We are looking for a sheet of metal - of a suitable thickness (7-8 mm), we push our sheet between the cheeks of the crankshaft and in this position, using a mandrel, we press the inner race of the main bearing onto the trunnion.
The crankshaft of this engine was carefully checked for faults and the correct geometry, the main work on diagnosing the crankshaft is detailed in the article: Method for determining faults in the crankshaft of a scooter, motorcycle
Also, on this crankshaft, the bushing of the upper connecting rod head had to be replaced, this work is described in more detail in the article: Replacing the connecting rod bushing of the motorcycle "Izh-planet", "Jupiter", "Ant"
We put the crankshaft into the left half of the crankcase, the final installation of the crankshaft into the crankcase is carried out using a simple device, the details of the correct installation of the crankshaft into the crankcase can be found in the article: Engine repair of the Voskhod-ZM motorcycle, not with a sledgehammer. As they often like to do in "collective farms" ...
After the final installation of the crankshaft in the crankcase, we assemble the gearbox in the correct order, how to assemble the gearbox is written in the article: Repair and assembly of the gearbox (box) of the Ant motor scooter,
We lay a half of the crankcase with the assembled gearbox on the planks so that the shafts hang freely in the air and do not interfere with the work, degrease the crankcase planes, install the guide bushings (marked with arrows) in their places so that they protrude slightly above the crankcase plane (5-6 mm) , apply sealant to both halves and put a new gasket.
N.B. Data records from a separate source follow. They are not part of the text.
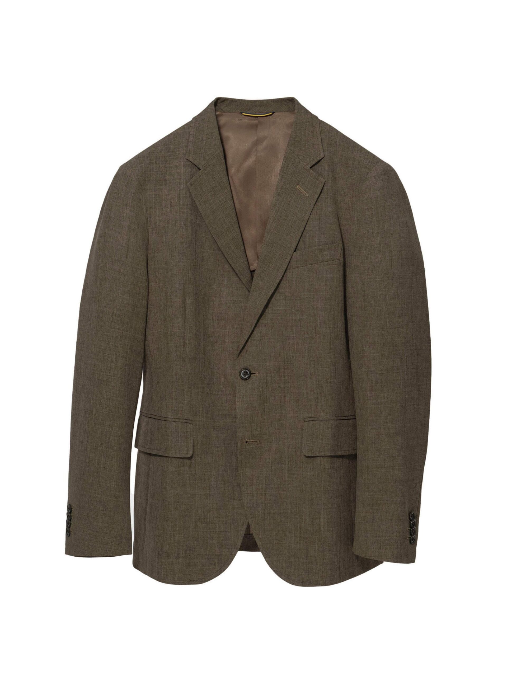 แจ็คเก็ตสูท ผ้า polyester ที่มี texture และผิวสัมผัสเหมือนผ้าใยธรรมชาติ ทำทรีทเทนต์มาอย่างพิเศษ เช่น water repellent (สารเคลือบกันน้ำ), crease resistant (กันยับ), cool touch (สัมผัสเย็นสบาย) ผ้าและกระดุม import มาจากประเทศญี่ปุ่น ทรง classic ตามแบบฉบับของ city setter สามารถแยกชิ้นใส่กับกางเกงได้
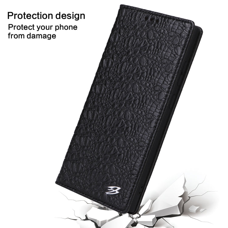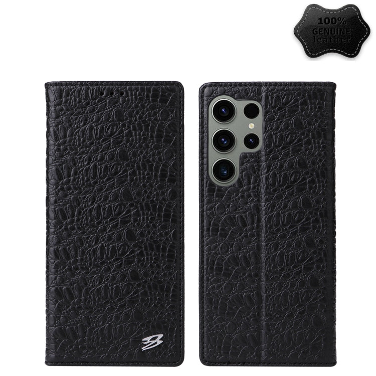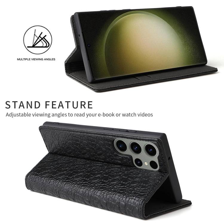 For Samsung Galaxy S23 Ultra 5G Fierre Shann Crocodile Texture Magnetic Genuine Leather Phone Case(Black)
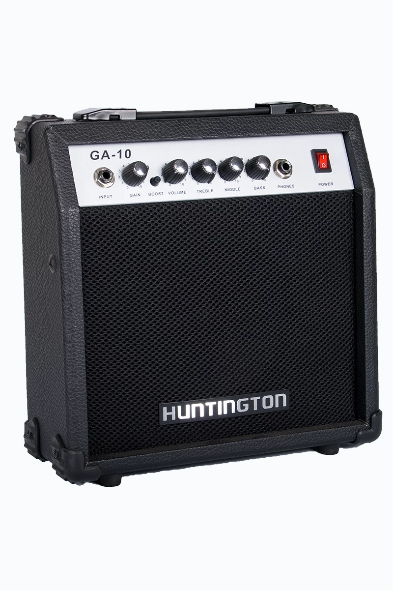 The Huntington 10 watt is the ultimate entry-level guitar amplifier and one of the best values on the market today! It features an amazing 6” solid state speaker that hammers out 10 watts with an available second channel for an extra boost along with the standard gain, volume, treble, middle, and bass controls. This amp offers an array of sounds that range from Blues to Metal. It is perfect for students or teachers as well as guitarists looking for a smaller practice amp to work with in their room or on the road!
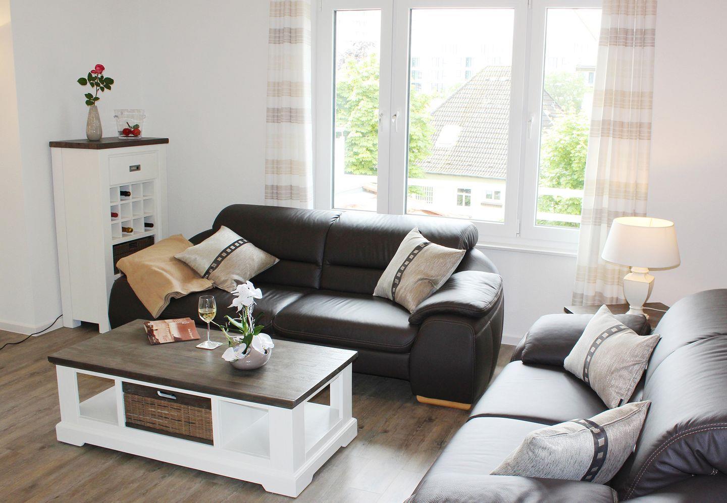 Der großzügige Wohn-, Ess- und Küchenbereich mit ausziehbarem Esstisch gehen harmonisch ineinander über. Die Einrichtung im Landhausstil wird Sie begeistern - die Camargue lässt grüßen! Zusätzlich ist der gesamte Wohn-Essbereich mit einem Audio-World-System ausgestattet. Des weiteren verfügt die geschmackvoll eingerichtete Wohnung über 2 Schlafzimmer, wobei eines mit einem Doppel-Boxspringbett ausgestattet ist. Die zwei Bäder sind hell und freundlich und lassen Sie in einen erholsamen Urlaubstag starten. Ihnen steht zusätzlich zur Verfügung: eine Waschmaschine und ein Trockner, Handtuchheizkörper, Wäscheständer, Bügelbrett und Bügeleisen, Staubsauger, Kinderhochstuhl und Reisebett, Carport für PKW, Abstellraum für Fahrräder. Eine Fußbodenheizung sorgt für wohlige Wärme an kalten Tagen. Ein kostenloser W-Lan Anschluss sowie ein Safe für Ihre Wertsachen sind vorhanden.
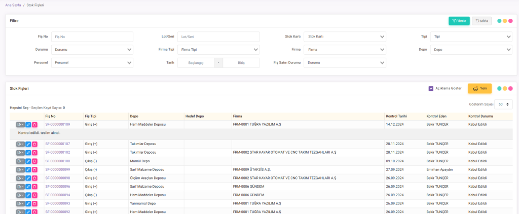 - Reddedildi: Kabul edilmeyen stok fişlerin durumunu gösteren alandır.
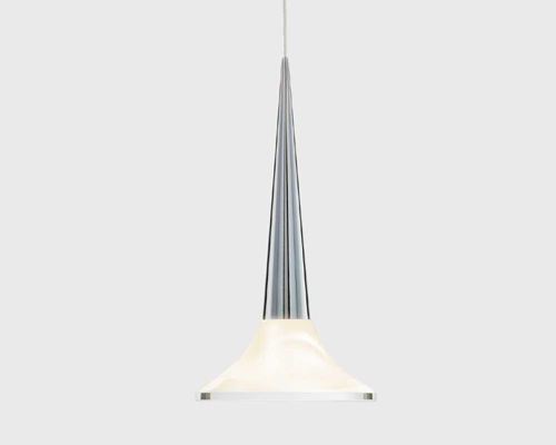 Alo is a sleek LED pendant made of frosted glass with clear accents. The frosted glass acts as a diffuser to soften the light output.
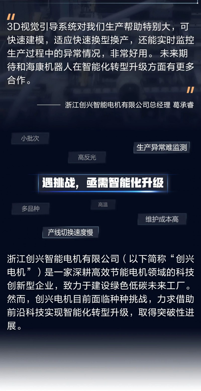 創興電機從需求匹配、生產效率、異常監測、數字化管理、建設成本等多個維度考慮,最終選擇與海康機器人攜手,以工業4.0為標準打造未來工廠。
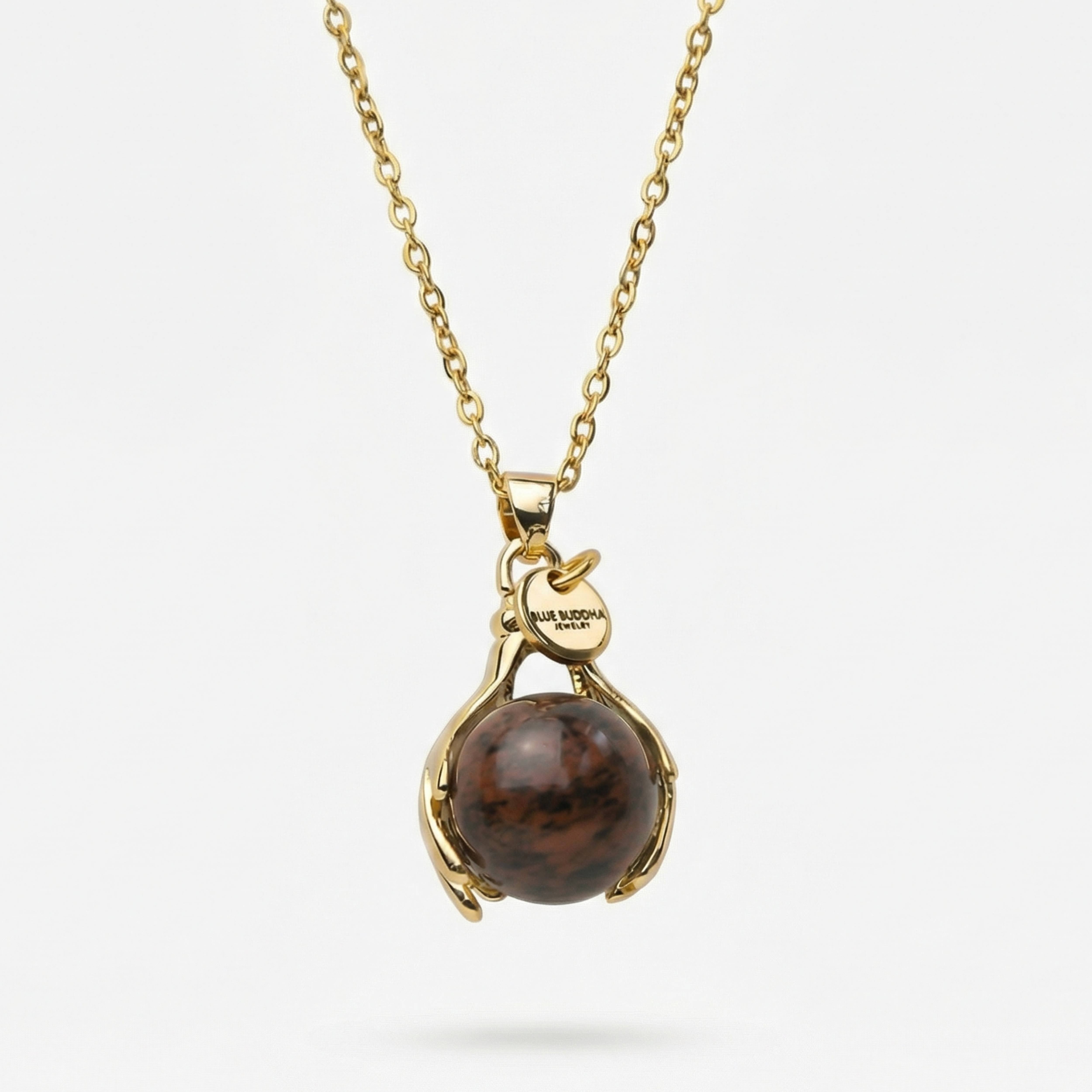 Mahagoni-Obsidian , gehalten in einem zarten, handförmigen Anhänger, dient als tägliche Erinnerung daran, geerdet und geschützt zu bleiben.
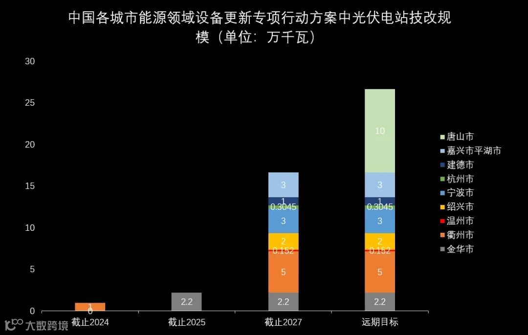 2024年,浙江省湖州、金华、衢州、温州、绍兴、宁波、杭州及嘉兴平湖发布了能源领域设备更新专项行动方案,推动投产超10年、板功率低于250瓦、能源转化效率低于18%-20%的光伏组件以大代小。
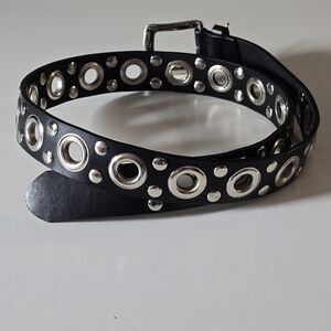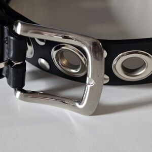 Stylish black belt with silver grommet details. Perfect for adding an edgy touch to any outfit

We lubricate the lip of the oil seal and the main bearing of the crankshaft with engine oil and put on the second half of the crankcase from above.
We fill the tendril of the spring of the gearbox copy shaft retainer inside the crankcase.
With a wooden mallet, tap the halves until they come together and tighten the crankcase fixing bolts.
We lubricate the main bearing with engine oil, the edge of the second crankshaft oil seal, then use a mandrel to install the oil seal in its place.
We put the retaining ring in its place.
We also install the crankshaft support bearing there and fix it with a second retaining ring.
Video (click to play). |
Now it remains to put the piston group on the engine, check and assemble the clutch parts and install the kickstarter mechanism. Then you can install the engine on the frame.